Aku menggeleng, rasanya tidak sanggup untuk menjawabnya.
"Padahal Ibu sudah berharap kamu hamil loh, Zahra. Ibu udah pengen gendong cucu."
Andai Ibu tahu, aku juga sangat merindukan kehadiran seorang anak. Namun aku selalu memendamnya sendiri. Empat tahun aku menantikan kehadiran buah hati, nyatanya Allah belum mempercayaiku untuk merawat titipannya.
"Jangan putus asa, ya! Ibu yakin kamu pasti bisa hamil. Besok kamu periksa lagi ke dokter, ya! Minta obat penyubur kandungan agar kamu segera hamil."
"Baik, Bu!"
"Yasudah, Ibu sudah selesai nih, makannya. Ibu ke kamar duluan, ya! Kamu makan nih sayurannya. Makan yang banyak biar kamu segera ngisi."
Setelah mengucapkan kata-kata itu, Ibu pun kembali ke kamarnya.
Aku tahu, Ibu ingin sekali menimang cucu. Tetapi apalah dayaku, aku belum bisa memenuhi keinginannya. Semoga doa-doaku segera dikabulkan, aku ingin membahagiakan ibu mertua di sisa umurnya.
Setelah selesai menyantap makan malam, aku segera kembali ke kamar. Aku akan menghubungi Mas Fahri, ingin tahu bagaimana kabarnya.
Satu kali, dua kali, hingga ke tiga kalinya aku menelpon nomornya, tetapi tidak kunjung diangkat. Ada apa ini? Tidak biasanya Mas Fahri mengabaikan teleponku.
Aku masih berusaha berpikir positif. Kucoba menghubunginya lagi, tetapi hasilnya tetap sama. Bahkan pesanku juga tidak dibalas.
Kenapa kamu tidak ngangkat teleponku? Kamu di mana, Mas?
Tiba-tiba ponselku bergetar. Aku berharap Mas Fahri yang menelepon, nyatanya bukan. Rupanya sahabatku Bella yang menelepon. Meskipun tak bersemangat, akhirnya kuangkat juga telepon dari Bella.
"Halo, assalamualaikum," sapaku terlebih dahulu.
"Waalaikumsalam, Zahra."
"Kenapa, Bel?"
"Ini, anu, gimana, ya? Aku enggak enak ngomongnya." Bella terdengar berbelit-belit, entah apa yang hendak dikatakannya.
"Ya ampun, Bella, katakan saja!" desakku mulai tidak sabar.
"Maaf, sebelumnya aku mau nanya dulu. Suamimu, Mas Fahri ada di rumah, enggak?"
Tumben Bella bertanya soal Mas Fahri? Ada apa ya? Kenapa perasaanku menjadi enggak tentang gini, ya?

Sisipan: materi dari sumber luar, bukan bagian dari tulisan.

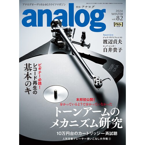 アナログオーディオと⼈と物にまつわる物語を紹介する、国内唯⼀のアナログオーディオ専⾨誌「季 刊・アナログ」。最新82号は、アナログレコード⼈気が⾼まる中でビギナーの⽅々に向けてお届けする Q&A企画「レコード再⽣ 基本のキ」、アナログレコード再⽣になくてはならないカートリッジの18モ デル⼀⻫試聴レポート「10万円台のカートリッジ」、そして「トーンアームのメカニズム研究」など、 ⾒逃せない内容が盛りだくさんとなっています。ぜひお⼿に取ってお読みください。
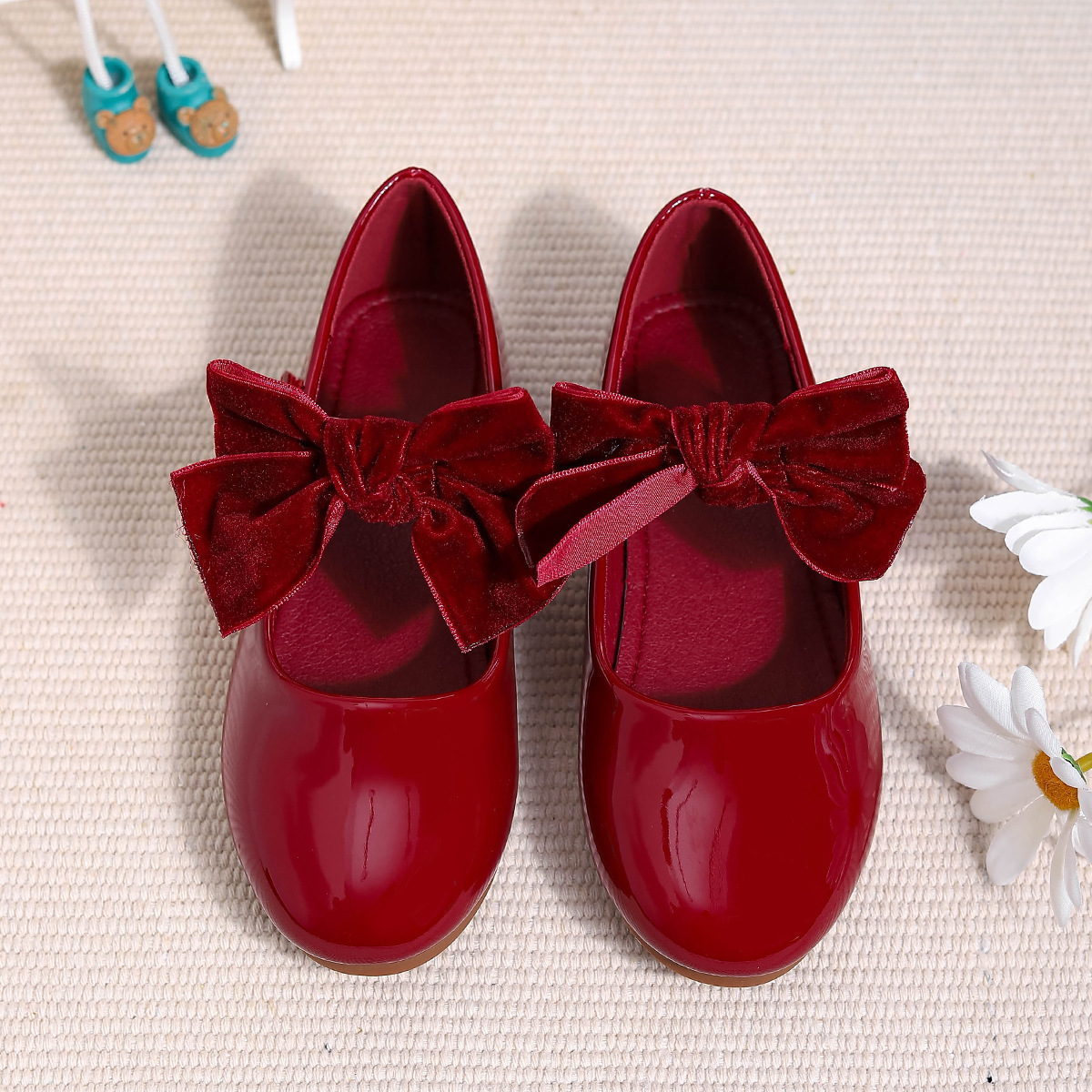 女の子用シングルシューズ、蝶結び付き漆皮パフォーマンスフラットシューズ、小革靴
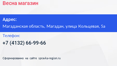 Весна, магазин по адресу Магаданская область, Магадан, улица Кольцевая, 5а в дальнейшем Организация, размещена в следующих категориях:
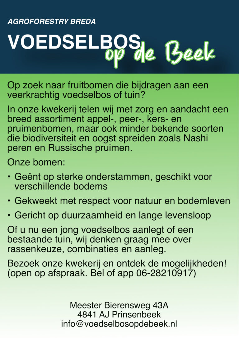 info@voedselbosopdebeek.nl met gewenst aantal en soort kan ook.
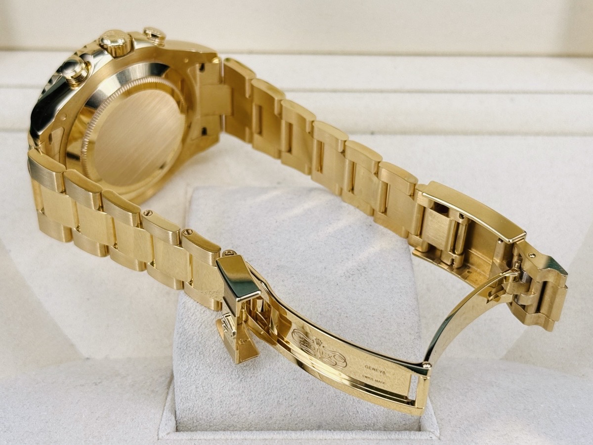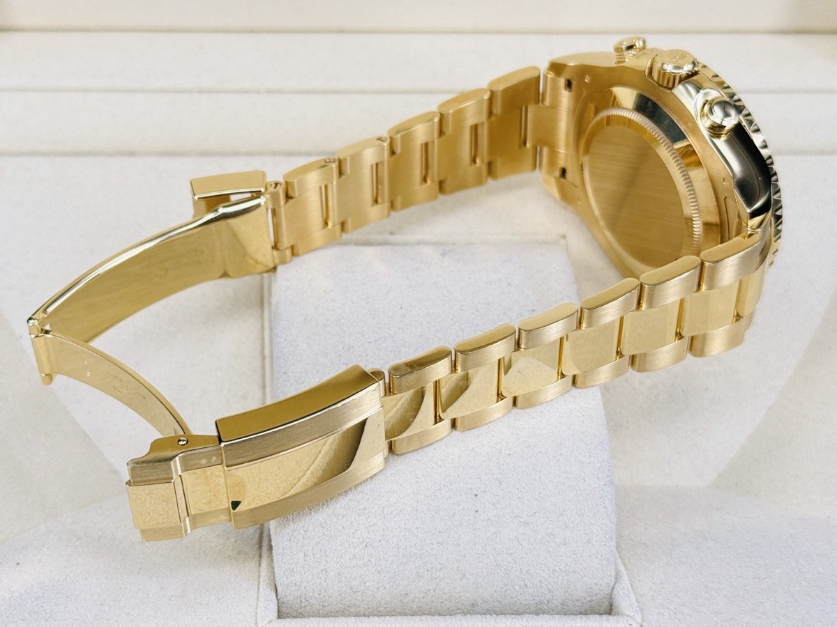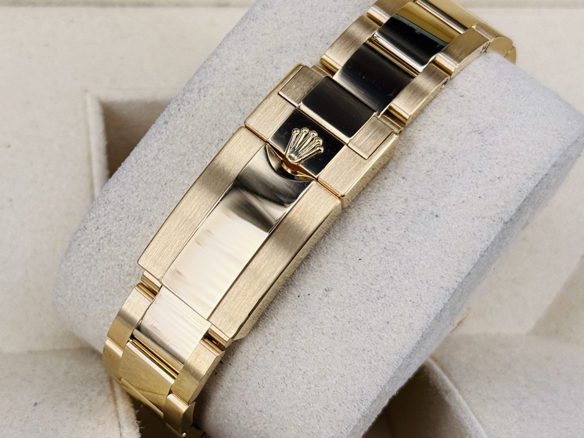 18K黃金材質錶殼、錶帶、摺疊扣 / 白色面盤、CHROMALIGHT(持久夜光黃K金指針、時標 / 黃K金材質旋轉錶圈,旋入式錶冠 / 抗磨損藍寶石水晶玻璃 / 防偽內圈

"Kenapa kamu nanyain suami aku, Bel? Sekarang Mas Fahri sedang keluar kota, Bel."
"Masa, sih? Kamu yakin?"
"Yakin! Memang kenapa?"
"Ini loh, Bel, tapi maaf ya sebelumnya. Aku gak bermaksud apa-apa. Tadi aku lihat suami kamu lagi dinner di restoran sama wanita lain."

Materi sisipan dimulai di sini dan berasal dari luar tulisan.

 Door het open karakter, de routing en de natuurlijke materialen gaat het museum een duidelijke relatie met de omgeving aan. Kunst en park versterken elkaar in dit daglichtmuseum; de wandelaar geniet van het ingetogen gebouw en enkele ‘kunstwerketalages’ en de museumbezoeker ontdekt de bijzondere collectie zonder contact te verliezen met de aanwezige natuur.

Jantungku berdetak lebih cepat saat mendengar ucapan Bella.
"Mungkin kamu salah lihat, Bel." Aku membantah ucapan Bella.
"Enggak, Zahra. Mataku masih normal. Dan aku yakin yang kulihat tadi itu Mas Fahri suami kamu," tegasnya lagi.
"Mas Fahri itu sedang ada di Kalimantan, Bella!" Aku mencoba meyakinkan Bella.
"Aku gak salah lihat, kok."
"Apa kamu punya buktinya?"
"Nah, itu dia. Tadi hp aku ketinggalan, ini baru nyampe rumah."
"Maaf, Bella. Aku enggak bisa percaya kalau enggak ada buktinya. Bisa saja kamu cuma salah lihat."
"Yasudah, enggak apa-apa kalau kamu enggak percaya. Hanya satu pesan aku, hati-hati aja. Sepertinya suamimu punya wanita lain. Udah dulu, ya, assalamualaikum."
"Waalaikumsalam."
Meskipun aku menyangkal, tapi hatiku seolah membenarkan ucapan Bella. Apa mungkin Mas Fahri memiliki wanita lain di luar sana?
Tidak! Mas Fahri sangat menyayangiku, ia tidak mungkin mengkhianatiku.